Work instructions: Among the lines of the listing below, retype exactly those from the one containing "видим, — рассказывает" through the one containing "在铜像的旁边是狼牙山五勇士陈", both included. Do not include pictures.

Extracted records:
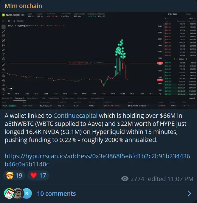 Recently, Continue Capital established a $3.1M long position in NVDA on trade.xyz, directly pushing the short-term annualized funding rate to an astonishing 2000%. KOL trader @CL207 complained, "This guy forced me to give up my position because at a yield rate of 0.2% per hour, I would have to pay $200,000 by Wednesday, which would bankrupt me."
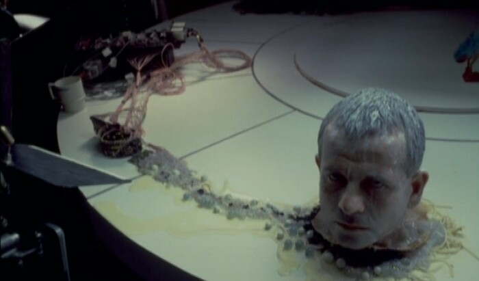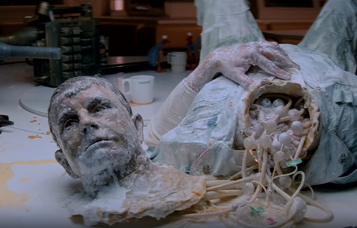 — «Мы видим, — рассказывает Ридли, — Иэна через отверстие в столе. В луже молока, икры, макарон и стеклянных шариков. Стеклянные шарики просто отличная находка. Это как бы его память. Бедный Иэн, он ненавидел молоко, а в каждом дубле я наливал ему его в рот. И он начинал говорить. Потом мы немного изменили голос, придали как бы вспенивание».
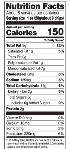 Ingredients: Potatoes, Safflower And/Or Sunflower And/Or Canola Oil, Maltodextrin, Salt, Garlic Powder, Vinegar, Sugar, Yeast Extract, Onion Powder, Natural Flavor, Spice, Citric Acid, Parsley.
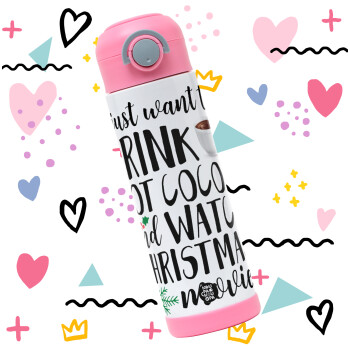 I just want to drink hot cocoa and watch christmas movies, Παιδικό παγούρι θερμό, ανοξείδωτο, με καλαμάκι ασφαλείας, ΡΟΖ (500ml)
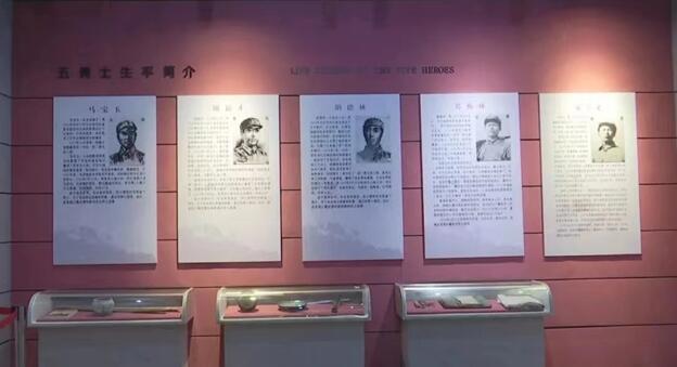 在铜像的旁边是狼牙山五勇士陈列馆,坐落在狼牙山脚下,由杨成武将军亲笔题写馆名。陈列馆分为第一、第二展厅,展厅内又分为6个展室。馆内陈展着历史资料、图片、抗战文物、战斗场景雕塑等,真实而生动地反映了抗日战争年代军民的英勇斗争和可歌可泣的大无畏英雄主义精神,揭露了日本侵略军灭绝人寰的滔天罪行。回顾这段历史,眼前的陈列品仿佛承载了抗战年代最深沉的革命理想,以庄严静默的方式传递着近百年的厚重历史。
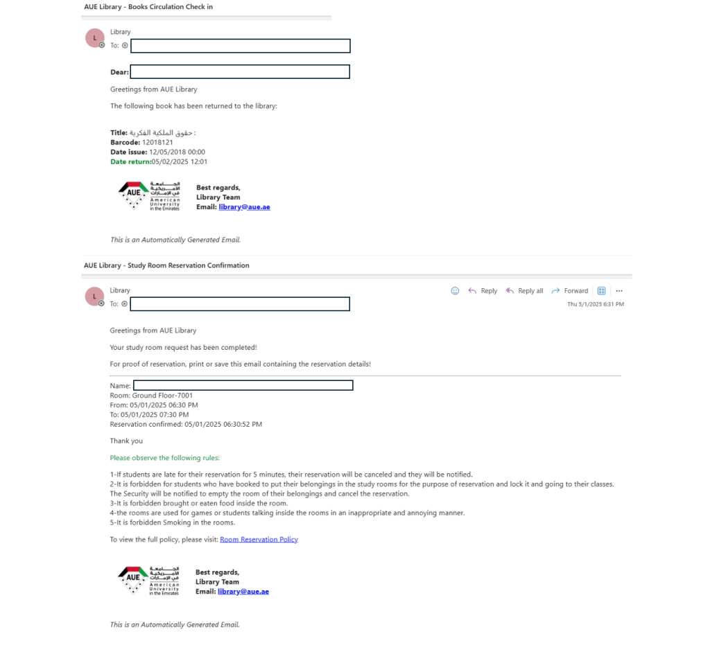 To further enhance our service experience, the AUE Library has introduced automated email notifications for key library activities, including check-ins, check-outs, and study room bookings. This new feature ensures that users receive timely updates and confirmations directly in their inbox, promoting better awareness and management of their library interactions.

Response to the exercise:
 — «Мы видим, — рассказывает Ридли, — Иэна через отверстие в столе. В луже молока, икры, макарон и стеклянных шариков. Стеклянные шарики просто отличная находка. Это как бы его память. Бедный Иэн, он ненавидел молоко, а в каждом дубле я наливал ему его в рот. И он начинал говорить. Потом мы немного изменили голос, придали как бы вспенивание».
 Ingredients: Potatoes, Safflower And/Or Sunflower And/Or Canola Oil, Maltodextrin, Salt, Garlic Powder, Vinegar, Sugar, Yeast Extract, Onion Powder, Natural Flavor, Spice, Citric Acid, Parsley.
 I just want to drink hot cocoa and watch christmas movies, Παιδικό παγούρι θερμό, ανοξείδωτο, με καλαμάκι ασφαλείας, ΡΟΖ (500ml)
 在铜像的旁边是狼牙山五勇士陈列馆,坐落在狼牙山脚下,由杨成武将军亲笔题写馆名。陈列馆分为第一、第二展厅,展厅内又分为6个展室。馆内陈展着历史资料、图片、抗战文物、战斗场景雕塑等,真实而生动地反映了抗日战争年代军民的英勇斗争和可歌可泣的大无畏英雄主义精神,揭露了日本侵略军灭绝人寰的滔天罪行。回顾这段历史,眼前的陈列品仿佛承载了抗战年代最深沉的革命理想,以庄严静默的方式传递着近百年的厚重历史。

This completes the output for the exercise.